Opinion
Docket No. 6, Calendar No. 41,694.
Decided May 17, 1944.
Appeal from Wayne; Taylor (Mark D.), J., presiding. Submitted April 4, 1944. (Docket No. 6, Calendar No. 41,694.) Decided May 17, 1944.
In the matter of the estate of Rose Aronovsky, also known as Rose Aronofsky, Aronowsky or Minkovsky, deceased. B.C. Schram, receiver of First National Bank-Detroit presented his claim based on deficiency decree. Claim allowed. Jules Goldsmith, administrator, appealed to circuit court. Claim allowed. The administrator appeals. Affirmed.
Robert S. Marx, Carl Runge, Lawrence I. Levi and Orville J. Thill, for plaintiff.
O'Hara, Montgomery Amberson and Irving W. Goldsmith, for defendant administrator.
Plaintiff, as receiver of the First National Bank-Detroit, secured a deficiency decree of $3,652.14 against Rose Aronofsky in the United States court for the eastern district of Michigan and subsequently filed a claim based thereon against her estate in the probate court for Wayne county. The claim was duly allowed. In the claim filed, the estate is described as that of Rose Aronofsky, alias Rose Aronovsky, Aronowsky, or Minkovsky, deceased. The deficiency judgment had been rendered against Rose Aronofsky. In the petition to appeal to the circuit court signed by Dr. Goldsmith, the administrator, and also in the affidavit of his attorney, the estate is also described as that of Rose Aronovsky, also known as Rose Aronofsky, Rose Aronowsky or Minkovsky.

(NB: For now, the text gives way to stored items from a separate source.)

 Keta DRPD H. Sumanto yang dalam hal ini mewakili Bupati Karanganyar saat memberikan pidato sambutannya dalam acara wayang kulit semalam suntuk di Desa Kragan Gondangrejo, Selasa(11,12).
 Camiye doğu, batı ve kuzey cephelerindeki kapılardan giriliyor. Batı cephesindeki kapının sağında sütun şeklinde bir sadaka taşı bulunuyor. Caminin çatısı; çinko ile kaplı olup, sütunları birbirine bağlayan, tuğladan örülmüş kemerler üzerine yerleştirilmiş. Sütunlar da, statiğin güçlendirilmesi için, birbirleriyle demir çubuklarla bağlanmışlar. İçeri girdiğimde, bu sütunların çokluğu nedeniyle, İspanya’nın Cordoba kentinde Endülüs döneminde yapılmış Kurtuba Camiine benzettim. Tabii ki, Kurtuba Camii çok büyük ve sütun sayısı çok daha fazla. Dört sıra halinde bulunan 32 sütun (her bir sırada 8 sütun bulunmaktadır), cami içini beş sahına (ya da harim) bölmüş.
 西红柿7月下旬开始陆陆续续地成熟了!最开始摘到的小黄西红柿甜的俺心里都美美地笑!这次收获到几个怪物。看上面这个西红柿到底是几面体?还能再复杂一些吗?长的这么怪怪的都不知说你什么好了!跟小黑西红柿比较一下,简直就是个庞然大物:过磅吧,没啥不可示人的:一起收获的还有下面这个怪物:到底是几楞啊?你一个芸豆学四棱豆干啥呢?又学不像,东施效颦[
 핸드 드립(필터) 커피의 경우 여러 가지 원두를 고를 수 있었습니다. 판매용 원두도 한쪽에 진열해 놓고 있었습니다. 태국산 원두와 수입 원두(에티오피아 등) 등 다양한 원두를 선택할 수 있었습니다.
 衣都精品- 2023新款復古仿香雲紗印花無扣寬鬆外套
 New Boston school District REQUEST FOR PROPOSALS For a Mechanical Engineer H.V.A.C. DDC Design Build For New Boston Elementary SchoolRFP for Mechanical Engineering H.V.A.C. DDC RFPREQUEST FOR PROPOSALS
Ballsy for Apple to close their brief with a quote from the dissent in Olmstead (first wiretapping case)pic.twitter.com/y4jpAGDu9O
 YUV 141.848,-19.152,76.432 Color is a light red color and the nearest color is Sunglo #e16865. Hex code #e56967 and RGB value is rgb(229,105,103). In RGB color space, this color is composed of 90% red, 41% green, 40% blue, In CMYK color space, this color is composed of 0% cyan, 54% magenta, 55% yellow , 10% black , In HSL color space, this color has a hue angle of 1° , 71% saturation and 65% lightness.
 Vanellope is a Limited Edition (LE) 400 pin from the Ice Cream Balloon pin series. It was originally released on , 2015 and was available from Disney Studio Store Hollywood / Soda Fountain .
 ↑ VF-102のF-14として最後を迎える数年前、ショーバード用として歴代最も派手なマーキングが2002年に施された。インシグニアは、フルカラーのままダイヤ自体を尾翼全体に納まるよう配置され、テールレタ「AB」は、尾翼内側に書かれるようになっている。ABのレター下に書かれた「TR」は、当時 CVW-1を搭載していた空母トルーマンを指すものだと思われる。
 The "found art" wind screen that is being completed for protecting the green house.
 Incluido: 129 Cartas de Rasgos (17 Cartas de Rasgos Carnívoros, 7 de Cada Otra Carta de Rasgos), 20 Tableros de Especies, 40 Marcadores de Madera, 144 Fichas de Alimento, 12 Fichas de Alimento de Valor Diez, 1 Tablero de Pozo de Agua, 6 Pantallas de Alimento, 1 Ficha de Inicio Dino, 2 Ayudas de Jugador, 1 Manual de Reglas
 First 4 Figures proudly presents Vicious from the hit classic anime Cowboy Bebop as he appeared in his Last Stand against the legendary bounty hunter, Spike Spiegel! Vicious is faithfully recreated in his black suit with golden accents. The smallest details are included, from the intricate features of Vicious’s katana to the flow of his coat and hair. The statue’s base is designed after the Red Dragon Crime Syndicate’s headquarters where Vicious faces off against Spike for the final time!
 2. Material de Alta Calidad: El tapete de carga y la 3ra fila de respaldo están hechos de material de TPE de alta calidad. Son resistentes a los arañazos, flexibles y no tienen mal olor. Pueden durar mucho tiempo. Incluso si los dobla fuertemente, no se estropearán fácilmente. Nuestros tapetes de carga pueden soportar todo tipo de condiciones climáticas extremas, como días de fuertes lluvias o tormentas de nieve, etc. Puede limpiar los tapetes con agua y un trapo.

A judgment for the full amount of the claim was entered in accordance with the verdict of the jury in the circuit court. The administrator, as the appellant in this court, claims the receiver did not prove by sufficient evidence that the judgment debtor in the Federal court was the same as the person who subsequently died and against whose estate the claim was allowed. Rose Aronofsky became liable for a mortgage debt when, upon becoming grantee of property described as 8762-8764 Cameron avenue, Detroit, Michigan, she assumed a mortgage against the property. Upon opening a savings account at a nearby bank a few months after she bought the property, she gave her residence as 8762 Cameron avenue, and because of her inability to write, she impressed her finger prints on the signature card. A number of years later, she opened an account at a different bank under the name of Rose Minkowski and gave her address as 8780 Cameron avenue. Again she impressed her finger prints on the deposit card. It was shown that the finger prints on the two cards were identical; in fact, the proceeds of the Minkowski bank account were inventoried and received by the administrator as part of the assets of the estate of Rose Aronofsky. It was further shown that she moved from 8762 to 8780 Cameron avenue in 1935, or thereabouts, after the bank had taken over the property shortly after the foreclosure of the mortgage. It was shown further that the estate of Rose Aronofsky received the proceeds of a policy in the Metropolitan Life Insurance Company which had been issued to her in that name and which gave her address as 8775 Cardoni but in the request for reinstatement she gave her address as 8762 Cameron. The records of the Metropolitan Life Insurance Company show that she had lived at 8762 Cameron.
While the appellant at the trial sought to draw certain inferences from the business dealings between the receiver and decedent, both before and after the rendition of the deficiency decree, he does not attach any importance to such inferences in his brief. We shall not further review the testimony. It is so overwhelmingly in favor of the plaintiff that if the jury had rendered a verdict for defendant, we unhesitatingly would have set it aside as against the great weight of the evidence. The testimony preponderates in favor of plaintiff, not against him.
The sole other claim of error is the fact that the commissioner on claims of the probate court, when called by defendant in order to produce the original claim as filed, was asked on cross-examination by the attorney for plaintiff whether he allowed the claim. The trial in the circuit court is de novo and the judge should have sustained the objection which was timely made by defendant. As we stated in Re Turner's Estate, 217 Mich. 359:
"Upon such appeal the case was tried de novo, and the issue, and the only issue, was the liability of the estate. What the award of the commissioners was and upon what they based their award were not questions to be disposed of on this general appeal from their allowance."
However, the error complained of was harmless in view of the fact that the other evidence properly introduced was so overwhelmingly in favor of plaintiff that there could be no question about defendant's liability. Defendant practically offered no testimony contradicting that of plaintiff. Under the circumstances, the error complained of was harmless and did not result in a miscarriage of justice. Miskiewicz v. Smolenski, 249 Mich. 63; Cook v. Vineyard, 291 Mich. 375.
Judgment affirmed, with costs to plaintiff.
NORTH, C.J., and STARR, WIEST, BUSHNELL, SHARPE, BOYLES, and REID, JJ., concurred.